Cellular and micro-architectural risk parameters used for diagnosing MM have been determined for HD-OCT such as large roundish pagetoid cells, atypical cell clusters at dermo-epidermal junction, totally disarranged epidermal/dermal pattern and large vertical icicle-shaped structures [9, 20]. With regard to the impact of scattering, alterations of distribution, size, density and orientation of scatterers with malignancy probably are of higher importance than the content of pigment itself because scattering is dependent on the refractive index mismatch between cellular components, extracellular matrix fibres and the extracellular fluid [51]. Dysplastic nevi are characterized by nuclear enlargement, slight irregularity and hyperchromasia, with clumping of chromatin and sometimes with prominent nucleoli.
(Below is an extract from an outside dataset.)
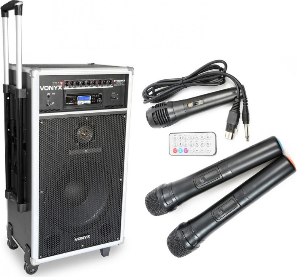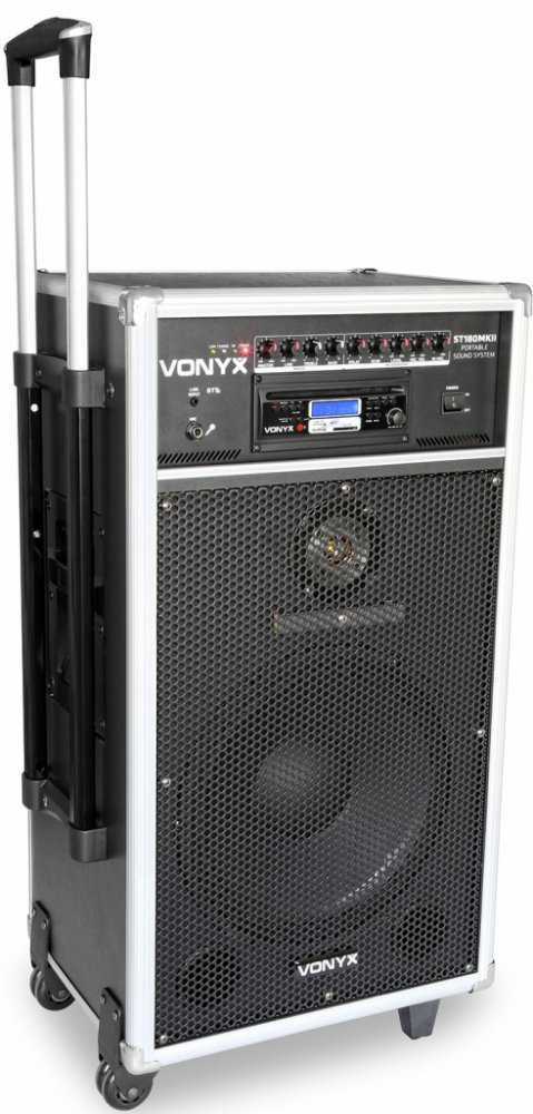 Mobilní 12" zvukový systém se zabudovanou dvojitou dobíjecí baterií. Celkový max. výkon 450W, integrovaný Bluetooth přijímač, CD přehrávač, USB port a SD/MMC slot pro přehrávání MP3 souborů, mikrofonní vstup Jack 6,3 mm a linkový vstup Jack 3,5 mm. Systém je dodáván se dvěma bezdrátovými UHF mikrofony, jedním ručním kabelovým mikrofonem a IR dálkovým ovladačem. Dobíjecí baterie má kapacitu na 4-6 hodin samostatného provozu, konektory pro externí 12V napájení a linkový výstup RCA. Ovládací panel pro MP3 přehrávač s podsvíceným displejem. Samostatné ovládání úrovně signálu pro kabelový i bezdrátové mikrofony, efekty Delay a Echo. Regulace úrovně signálu pro linkový vstup, regulace výstupní hlasitosti Master a standardní 2 pásmové korekce. Zvukový systém je vybaven ochrannými lištami, rohy, mřížkou reproduktorů, teleskopickým madlem a kolečky pro snadný transport a manipulaci. Ideální mobilní zvuk pro školy a školní tělocvičny, taneční kurzy, sportovní studia, karaoke párty, konference, p

In melanoma besides nuclear atypia, nests and single melanocytes of variable sizes, shapes are present in the epidermis in a pagetoid pattern [16]. A decline of the relative attenuation factor demonstrated in our study suggesting an increase of g value is in line with former observations stating that the average scatterer size in melanoma is significantly larger than those of DN and BN [21, 39, 40].
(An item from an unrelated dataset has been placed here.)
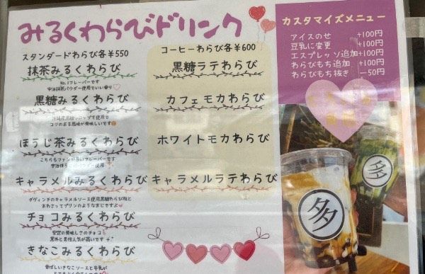 え!わらび餅がドリンク?どんな感じなのか食べてみたいと思い、すぐに向かいました。 その時は、きなこみるくわらびドリンクを飲みましたが、美味しかったですよ! 美味しい味はもちろんのこと、新食感を楽しめると思います。

Some important limitations need to be addressed. This study is a retrospective pilot study. However, this type of study is essential to gather information to design an appropriate (e.g. adequate sample size) prospective study. A second issue is the selected region of interest for optical analysis. This selection needs some experience with morphology analysis of HD-OCT images of melanocytic lesions. This fact questions to some extent the accuracy of HD-OCT optical analysis in the hands of non-experts. Last but not least, the effect of age and gender on optical properties was not taken into account.
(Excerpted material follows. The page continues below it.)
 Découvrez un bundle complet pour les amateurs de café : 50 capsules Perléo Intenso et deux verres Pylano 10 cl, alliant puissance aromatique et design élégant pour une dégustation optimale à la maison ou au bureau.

In conclusion, HD-OCT seems to enable the rather unique combination of in vivo morphological analysis of cellular and 3-D micro-architectural structures with in vivo analysis of optical properties of tissue scatterers in melanocytic lesions. In vivo HD-OCT analysis of optical properties permits melanoma diagnosis with higher accuracy than in vivo HD-OCT analysis of morphology alone. The diagnostic performance of HD-OCT in MM should be further assessed in other clinical settings combining both types of analysis.

Compliance with ethical standards

Conflict of interest

M. Boone, M. Suppa, G. Jemec, V. Del Marmol: none declared. F. Dhaenens (MD), R. Nebosis (Dsc): Research Department Agfa HealthCare.